### What you should do
Apart from the pictures, reproduce the data below exactly as it stands.
(Beginning of The data)
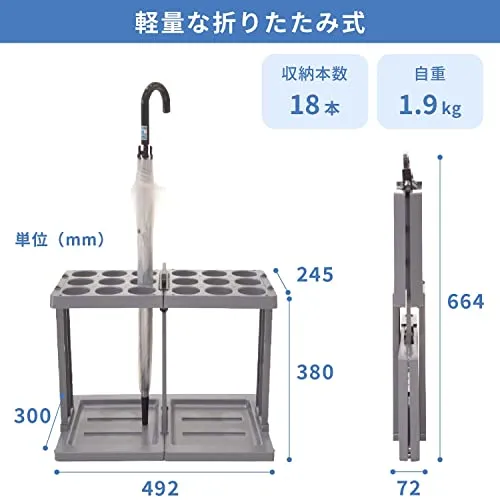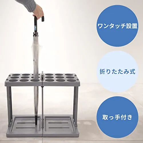 KAWAJUN (カワジュン) 傘立て 折りたたみ式 業務用 [18本]樹脂製 ( グレー/軽量/日本製/高耐久 ) カサスタンド18 LCA001/
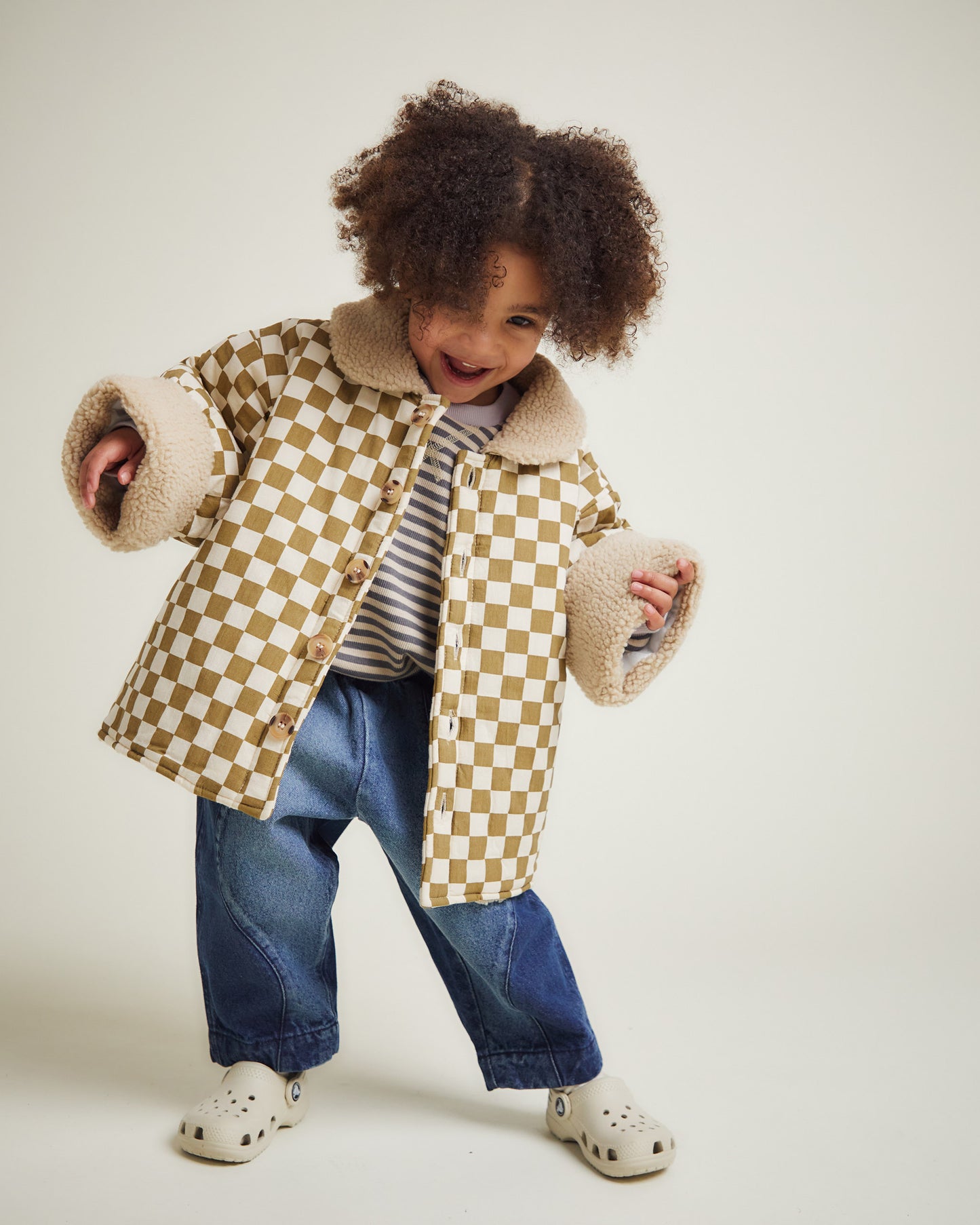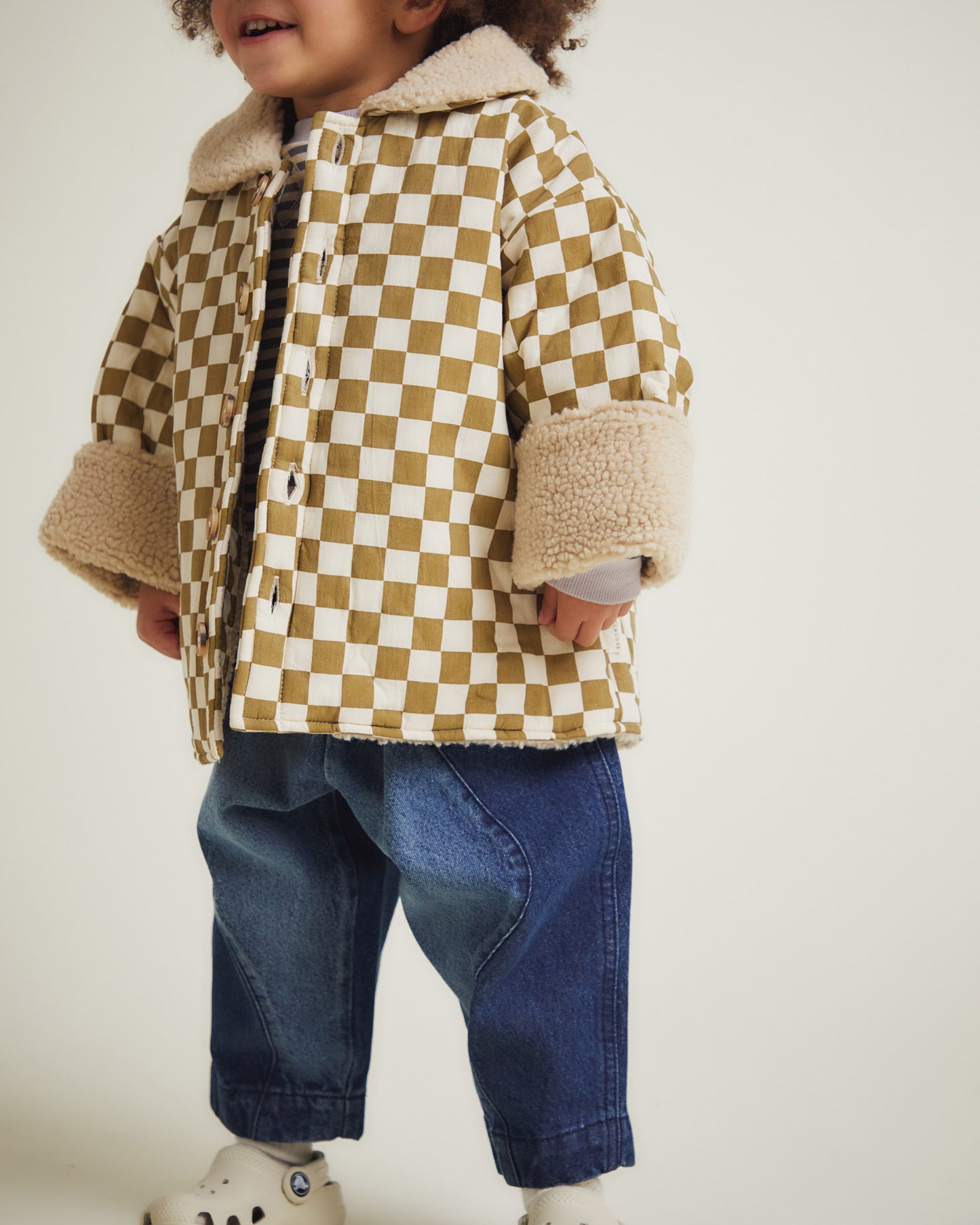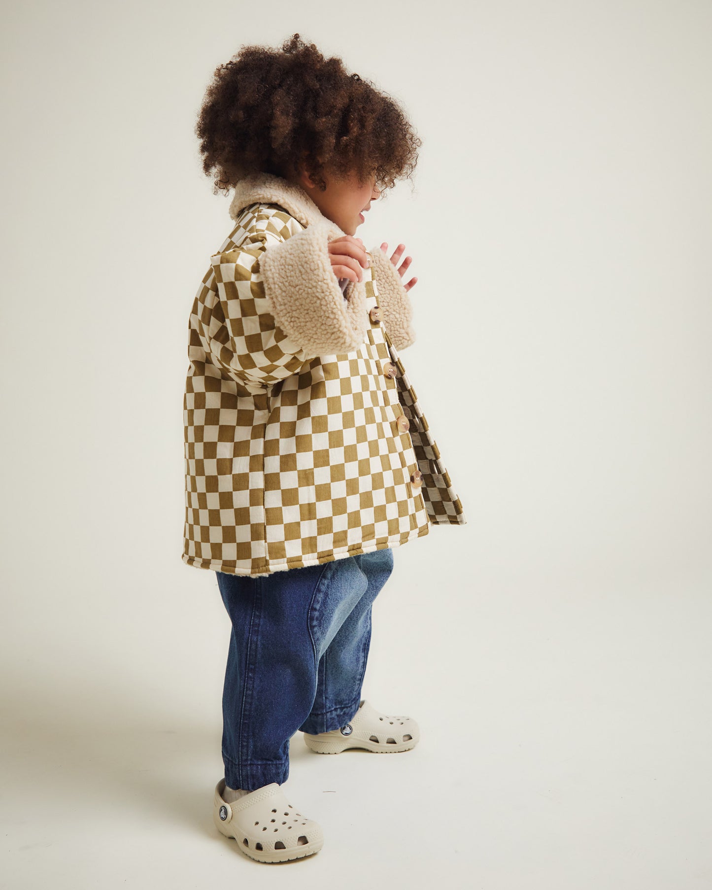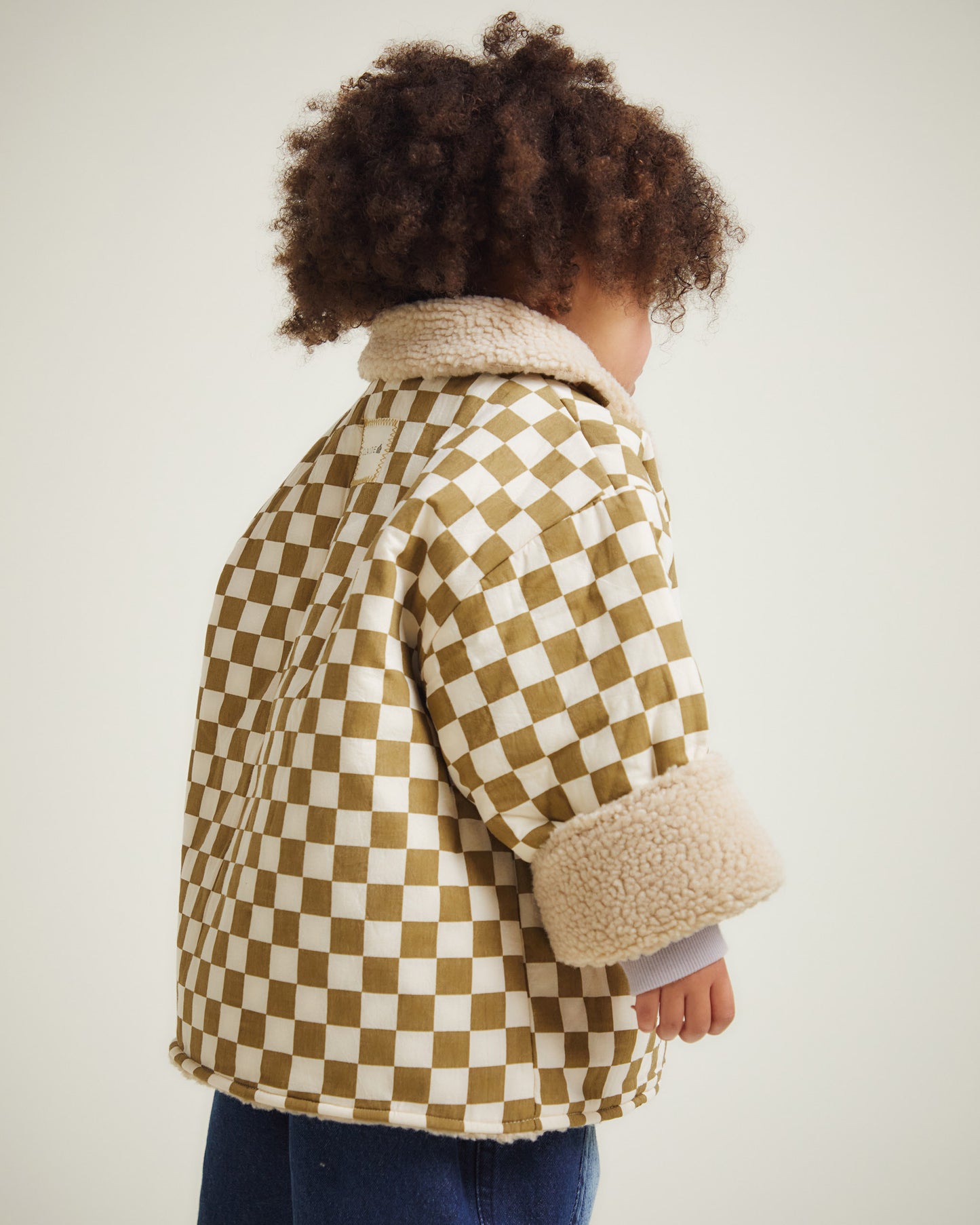 Crafted with a 100% cotton outer in our iconic checkerboard pattern, our Emery jacket is fully lined with soft oatmeal borg for warmth and quilted polyester sleeves for easy layering. Large smokey tortoiseshell buttons, side pockets, and turn-back cuffs add both function and style, all finished with Bold Claude branding (of course!).
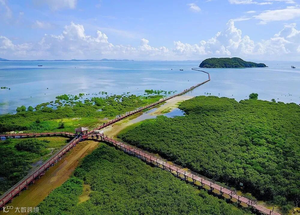 海陵岛红树林湿地公园是阳江首个红树林湿地公园,位于海陵岛东部神前湾,放眼望去,仿佛一座森林静卧于海边,青与蓝色交相辉映。近观则能欣赏到草长鹭飞的自然和谐之美。公园内有一条全省最长的跨海木栈道,向海而行,波澜不惊。
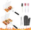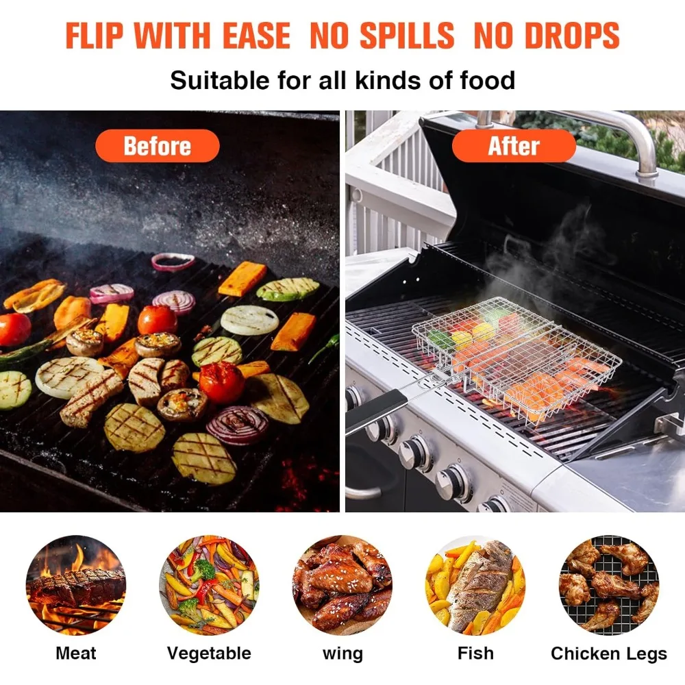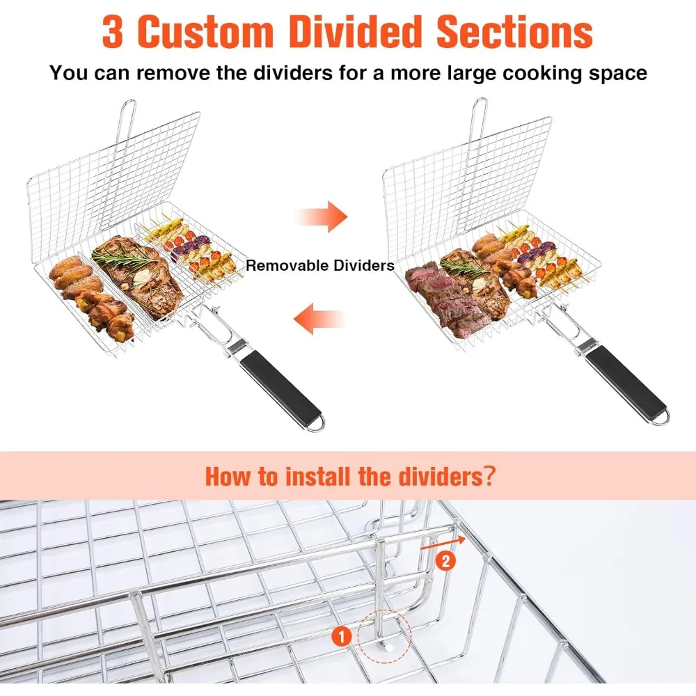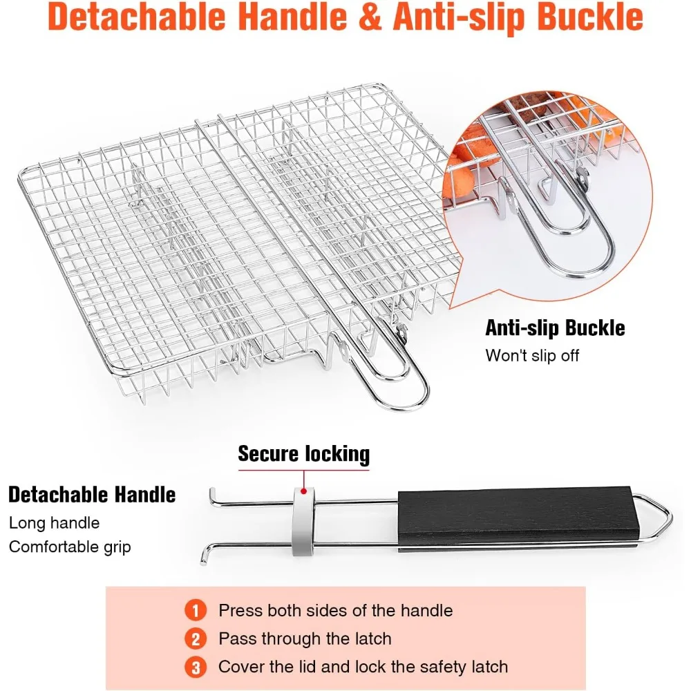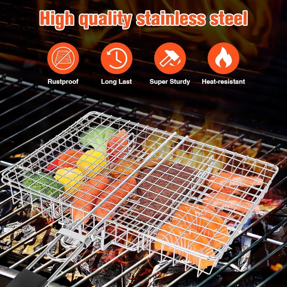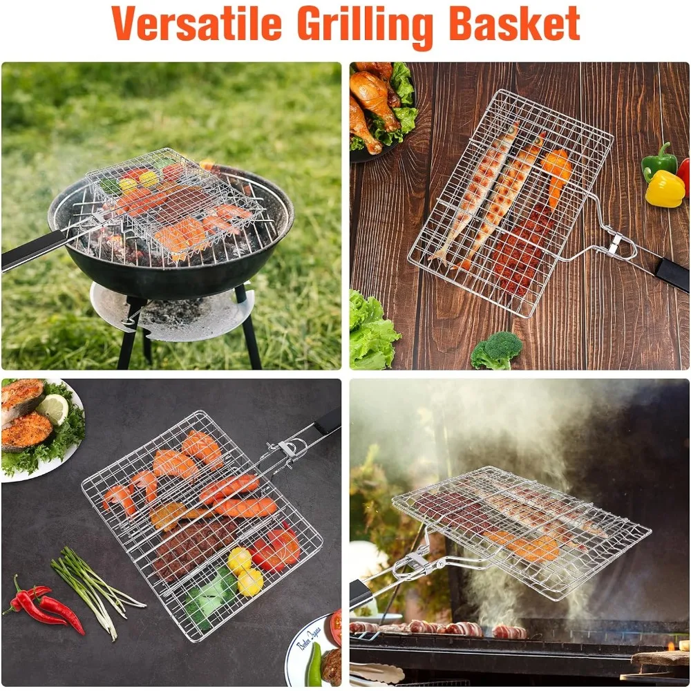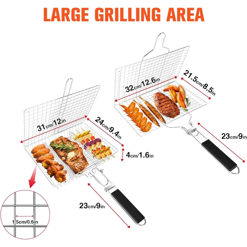 WADEO 2PCS Stainless Steel Foldable BBQ Basket, Foldable Grill Rack With Handle, Portable Grilling Basket, Grill Basket for Fish
(End of The data)
### Solution to this problem
 KAWAJUN (カワジュン) 傘立て 折りたたみ式 業務用 [18本]樹脂製 ( グレー/軽量/日本製/高耐久 ) カサスタンド18 LCA001/
 Crafted with a 100% cotton outer in our iconic checkerboard pattern, our Emery jacket is fully lined with soft oatmeal borg for warmth and quilted polyester sleeves for easy layering. Large smokey tortoiseshell buttons, side pockets, and turn-back cuffs add both function and style, all finished with Bold Claude branding (of course!).
 海陵岛红树林湿地公园是阳江首个红树林湿地公园,位于海陵岛东部神前湾,放眼望去,仿佛一座森林静卧于海边,青与蓝色交相辉映。近观则能欣赏到草长鹭飞的自然和谐之美。公园内有一条全省最长的跨海木栈道,向海而行,波澜不惊。
 WADEO 2PCS Stainless Steel Foldable BBQ Basket, Foldable Grill Rack With Handle, Portable Grilling Basket, Grill Basket for Fish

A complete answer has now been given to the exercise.